_YOUR TASK_
Where a picture appears, skip it and copy everything else in the listing exactly.
---------- INFORMATION PROVIDED
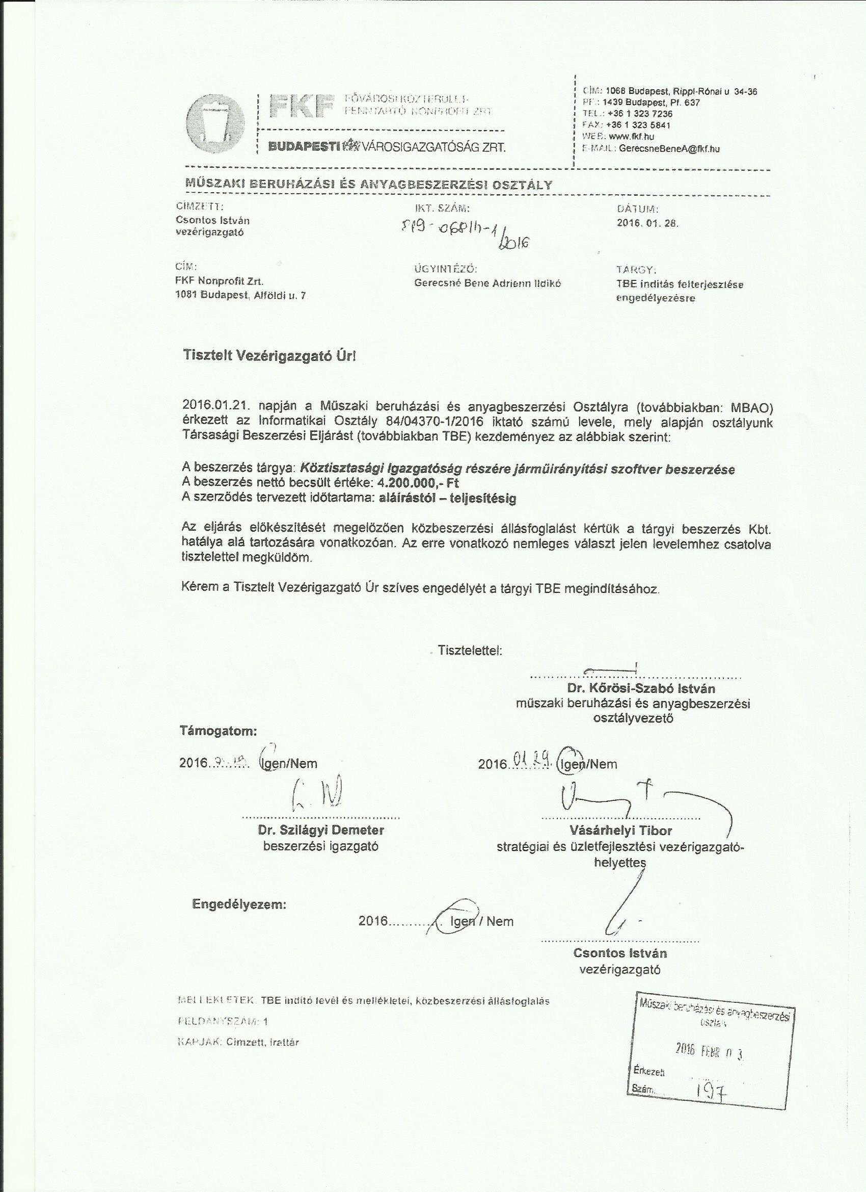 A beszerzést január legvégén maga Csontos István vezérigazgató engedélyezte.
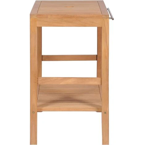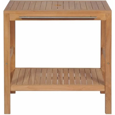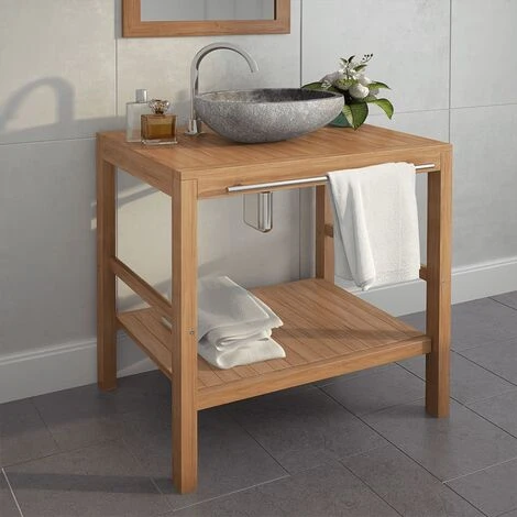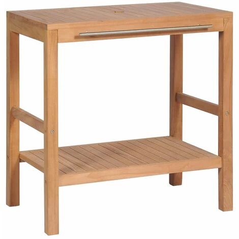 La bellezza di questo mobiletto da bagno sta nel suo stile lineare e semplice, che si abbinerà perfettamente all’arredo del vostro bagno. E’ dotato di un foro sul robusto piano superiore, progettato per il drenaggio del lavabo. Il mobiletto è realizzato in legno massello di teak, resistente a sufficienza per posizionare un lavabo sulla parte superiore insieme ad altri accessori da bagno. Il mobile da bagno è dotato di una maniglia per appendere asciugamani o indumenti, e di quattro gambe di supporto per garantire stabilità e impedire al pavimento di bagnarsi. Il mobiletto si adatterà perfettamente al vostro lavabo e sarà una comoda soluzione per il bagno. Al prodotto viene applicata una deliziosa finitura per donare al legno un colore caldo. Questo mobiletto deve essere assemblato.
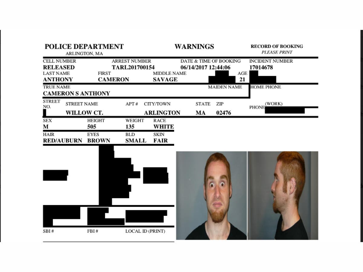 A man told police that he arranged to meet up with Cameron Anthony of Arlington but who he only knew as "Twisted Savage" from Facebook. The man said Anthony had followed him too closely recently and wanted to know why. The two agreed to meet in person to talk it over, the man told police later. When he arrived and started walking toward the man, Anthony allegedly yelled "white power," used the "N" word directed at him, and was repeatedly giving the white power salute.
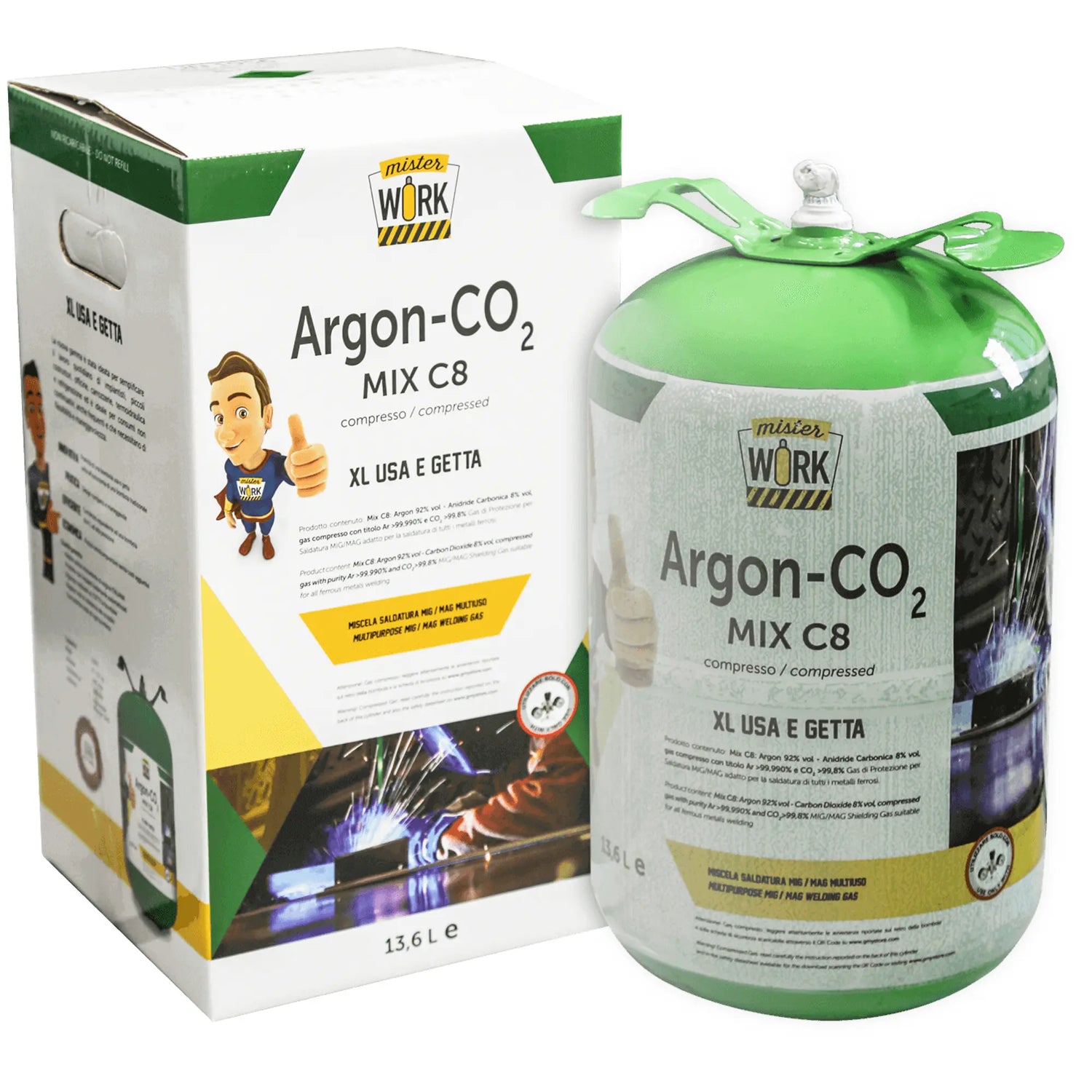 There Cylinder Mix C8 Helvi Misterwork 14lt And a solution disposable perfect for MIG welding on carbon steel and mild steel.
--------------------
_OUTPUT BELOW_
 A beszerzést január legvégén maga Csontos István vezérigazgató engedélyezte.
 La bellezza di questo mobiletto da bagno sta nel suo stile lineare e semplice, che si abbinerà perfettamente all’arredo del vostro bagno. E’ dotato di un foro sul robusto piano superiore, progettato per il drenaggio del lavabo. Il mobiletto è realizzato in legno massello di teak, resistente a sufficienza per posizionare un lavabo sulla parte superiore insieme ad altri accessori da bagno. Il mobile da bagno è dotato di una maniglia per appendere asciugamani o indumenti, e di quattro gambe di supporto per garantire stabilità e impedire al pavimento di bagnarsi. Il mobiletto si adatterà perfettamente al vostro lavabo e sarà una comoda soluzione per il bagno. Al prodotto viene applicata una deliziosa finitura per donare al legno un colore caldo. Questo mobiletto deve essere assemblato.
 A man told police that he arranged to meet up with Cameron Anthony of Arlington but who he only knew as "Twisted Savage" from Facebook. The man said Anthony had followed him too closely recently and wanted to know why. The two agreed to meet in person to talk it over, the man told police later. When he arrived and started walking toward the man, Anthony allegedly yelled "white power," used the "N" word directed at him, and was repeatedly giving the white power salute.
 There Cylinder Mix C8 Helvi Misterwork 14lt And a solution disposable perfect for MIG welding on carbon steel and mild steel.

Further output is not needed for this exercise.